Section 66 of Sexual Offences Act 2003 warns that people who want to be naked in public should do so in a way which doesn't cause 'distress or alarm'.
The Crown Prosecution Service stated: "In the case of naturism a balance needs to be struck between the naturist's right to freedom of expression and the right of the wider public to be protected from harassment, alarm and distress."
Police have since advised sunbathers to 'be careful' if they're planning to sunbathe naked in their garden but are 'overlooked by neighbours'.
"An Englishman's home is not quite his castle and your garden is not exempt from the law," they said.
While authorities noted that in an 'ideal world' hopefully police wouldn't be called by a neighbour if they spotted you 'gardening in the buff,' they added that 'in the real world' it's best to take some 'simple precautions'.

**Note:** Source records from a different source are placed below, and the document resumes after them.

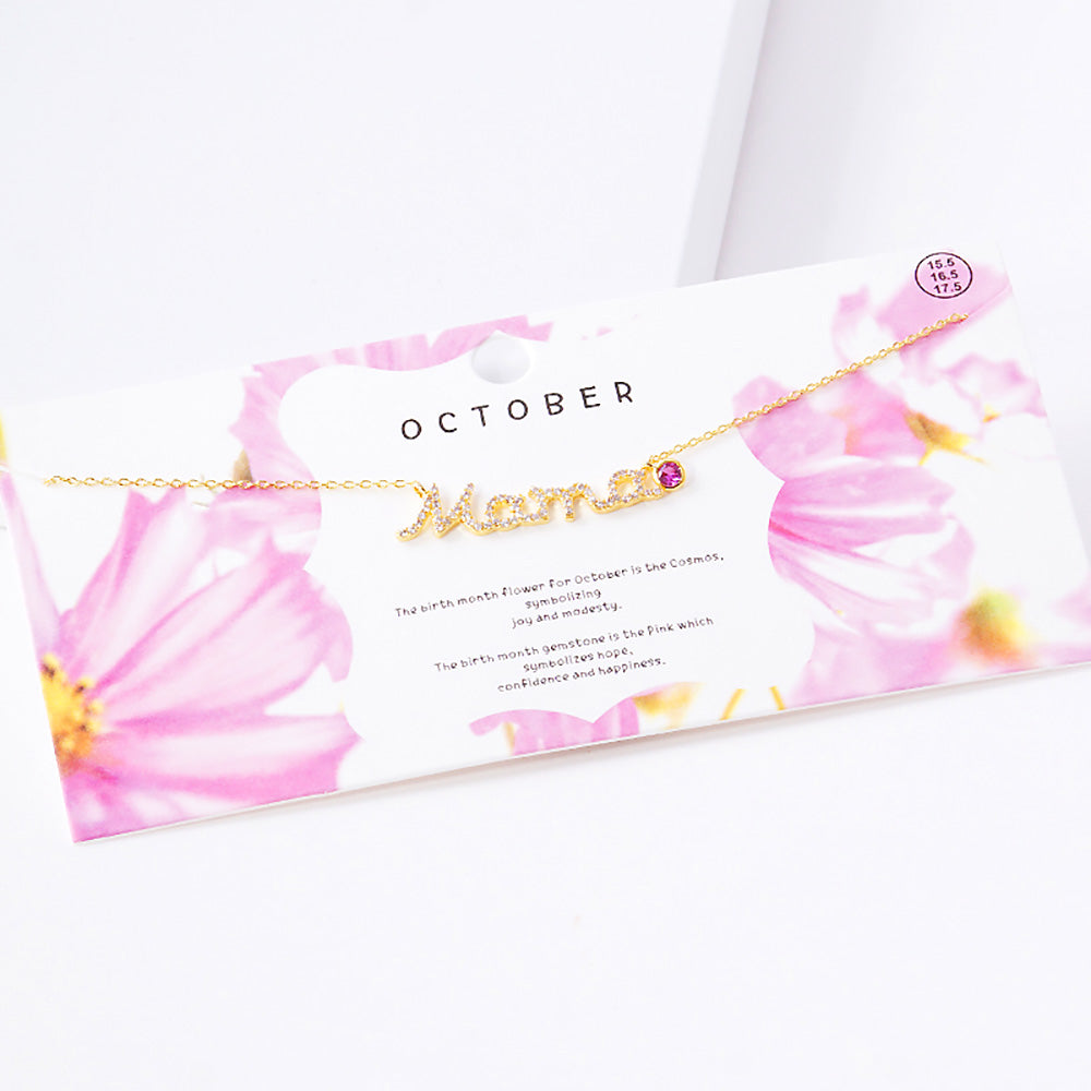 iLLASPARKZ October Birthstone MAMA Message Pendant Necklace
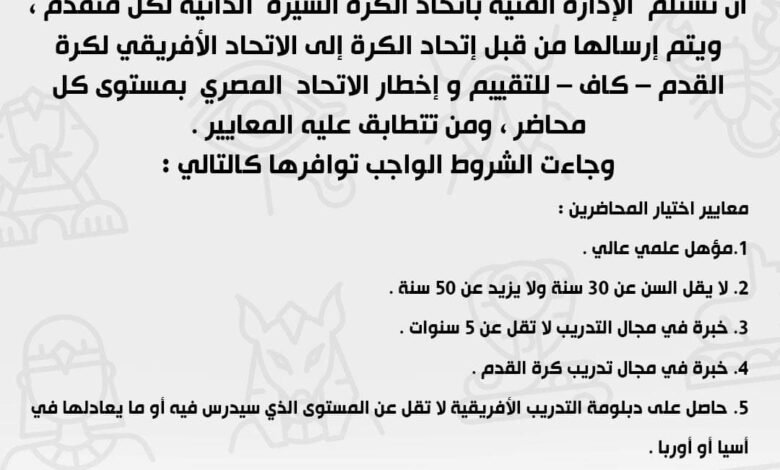 تقرر فتح باب التقديم للمحاضرين من ذوي المؤهلات العلمية على أن تستلم الإدارة الفنية باتحاد الكرة السيرة الذاتية لكل متقدم ، ويتم إرسالها من قبل إتحاد الكرة إلى الاتحاد الأفريقي لكرة القدم – كاف – للتقييم وإخطار الاتحاد المصري بمستوى كل محاضر ، ومن تتطابق عليه المعايير .
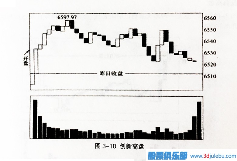 如圖3-10所示,這是一種9:35時(shí)指數(shù)不論是以高盤(pán)或低盤(pán),還是以平盤(pán)開(kāi)出,在945時(shí)以前上漲已經(jīng)超過(guò)前一日最高價(jià)的情況。
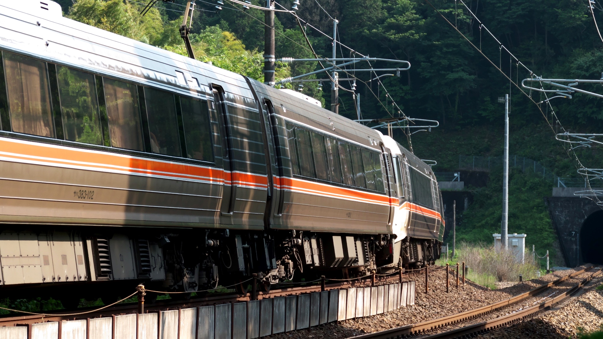 | L特急 ワイドビューしなの (383系) 1996年12月定期運用開始のJR東海所有の制御付自然振子方式を採用した直流用特急型電車。最高速度は130Km/h 単線区間の行き違いや、塩尻駅での中央東線からの列車の接続待ちなどの影響により、数分の遅れが発生することが日常化している。 |
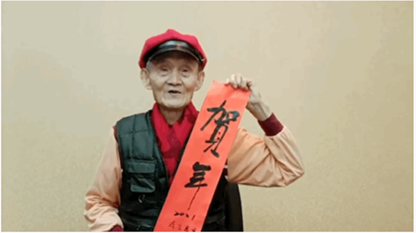 中國臺(tái)灣網(wǎng)2月9日訊 每逢春節(jié),游子心心念念的就是回家過年,除夕是萬家團(tuán)圓的日子。但有許許多多的臺(tái)灣老兵,沒能回到大陸,最終客死他鄉(xiāng)。據(jù)“看臺(tái)海”公眾號(hào)發(fā)布消息,2012年度《感動(dòng)中國》人物、國民黨臺(tái)灣老兵高秉涵在臨近春節(jié)之際,親手寫下賀年新春對(duì)聯(lián),送出祝福心語“吉牛祥兆”,祝愿兩岸同胞在新的一年為了國家富強(qiáng)“用盡牛勁”,齊心協(xié)力完成中華民族偉大復(fù)興的愿望。

Precautions could include sunbathing behind a screen, or finding a corner of your garden which is less overlooked.
"You will have to decide whether your desire to be naked in your garden is more important to you than being on friendly terms with those around you," police reflected.
As long as it's clear you mean no harm or distress in displaying your naked body and letting your bits hang freely then you should be fine and avoid running the risk of breaking any laws.
My neighbour is absolutely furious with his wife for sunbathing naked in their garden. Personally, I’m on the fence.— Major D Malpas (@MajorDMalpas) June 1, 2021
Members organisation British Naturism added: "There is no law against being naked in public, and so stripping off and enjoying the sun on your skin in your own garden cannot lead to arrest nor can your neighbours make you cover-up.
"Being neighbourly might mean you tell your neighbours that you plan to sunbathe naked but there is no obligation to do so, so don’t hesitate.
"Studies have shown that spending time naked is good for you and so we encourage everyone to take advantage of the wonderful weather and celebrate their uniqueness."